• **Problem description**: Repeat the data exactly. Pictures are not part of the copy.

• **Provided material**:
>>>>
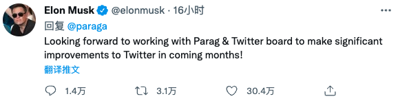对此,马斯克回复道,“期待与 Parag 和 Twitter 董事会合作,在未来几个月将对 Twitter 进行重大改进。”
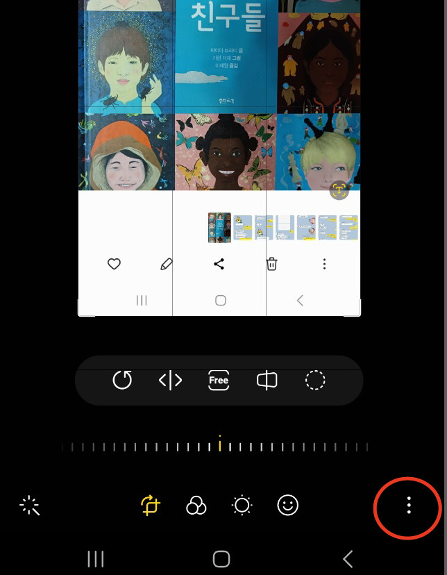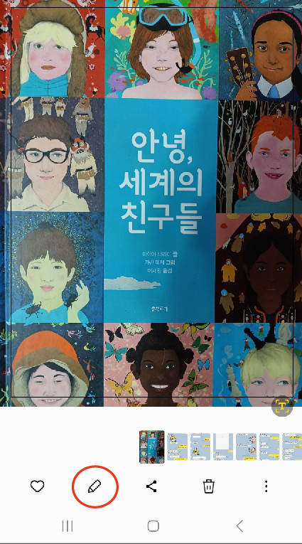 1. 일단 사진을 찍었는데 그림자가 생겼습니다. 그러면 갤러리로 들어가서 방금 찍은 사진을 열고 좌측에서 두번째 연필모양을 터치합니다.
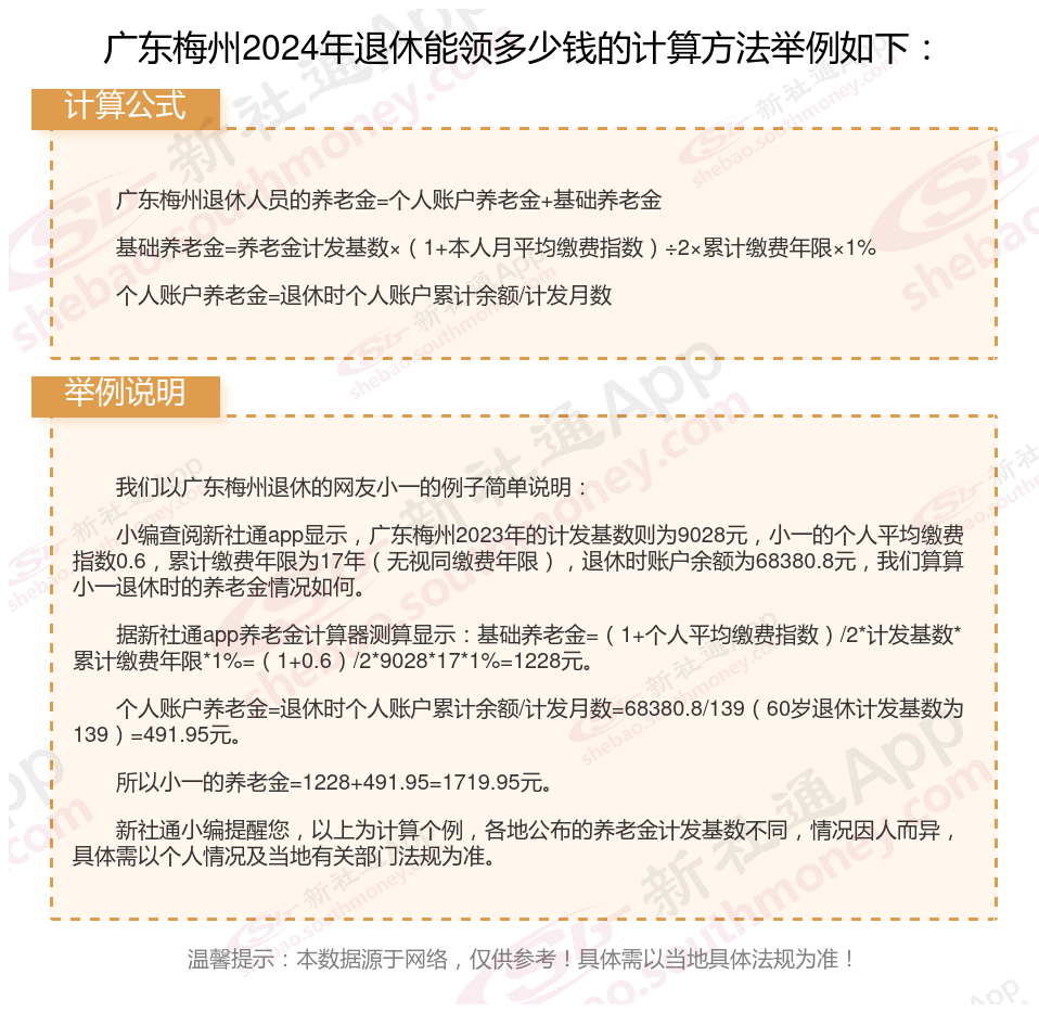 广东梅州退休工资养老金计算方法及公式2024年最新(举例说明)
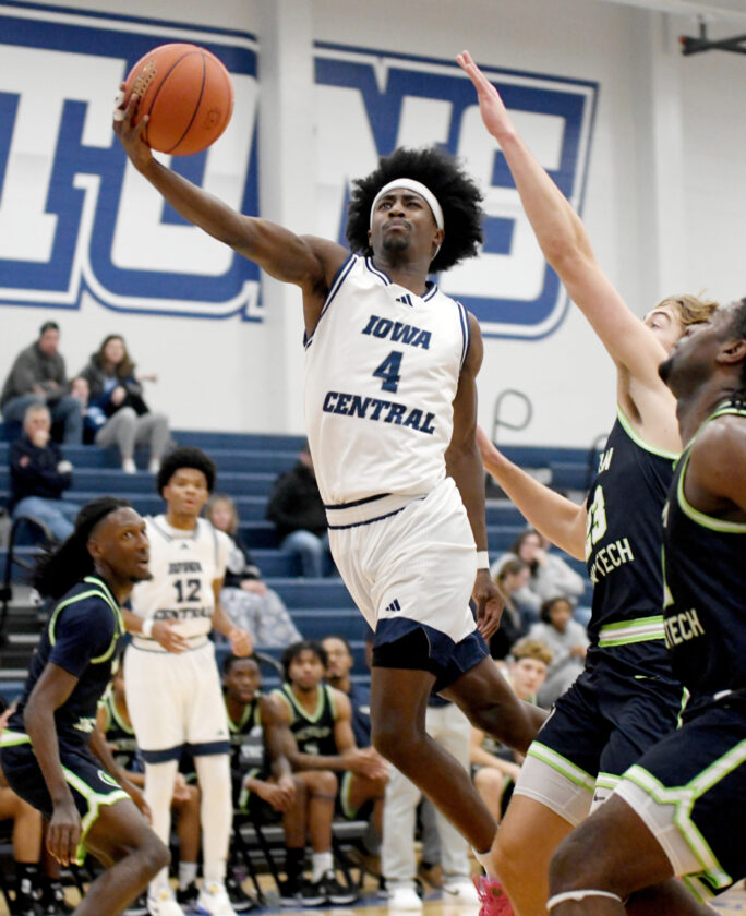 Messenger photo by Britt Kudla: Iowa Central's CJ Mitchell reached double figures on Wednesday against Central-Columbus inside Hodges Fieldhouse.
<<<<
• **Task output**:
对此,马斯克回复道,“期待与 Parag 和 Twitter 董事会合作,在未来几个月将对 Twitter 进行重大改进。”
 1. 일단 사진을 찍었는데 그림자가 생겼습니다. 그러면 갤러리로 들어가서 방금 찍은 사진을 열고 좌측에서 두번째 연필모양을 터치합니다.
 广东梅州退休工资养老金计算方法及公式2024年最新(举例说明)
 Messenger photo by Britt Kudla: Iowa Central's CJ Mitchell reached double figures on Wednesday against Central-Columbus inside Hodges Fieldhouse.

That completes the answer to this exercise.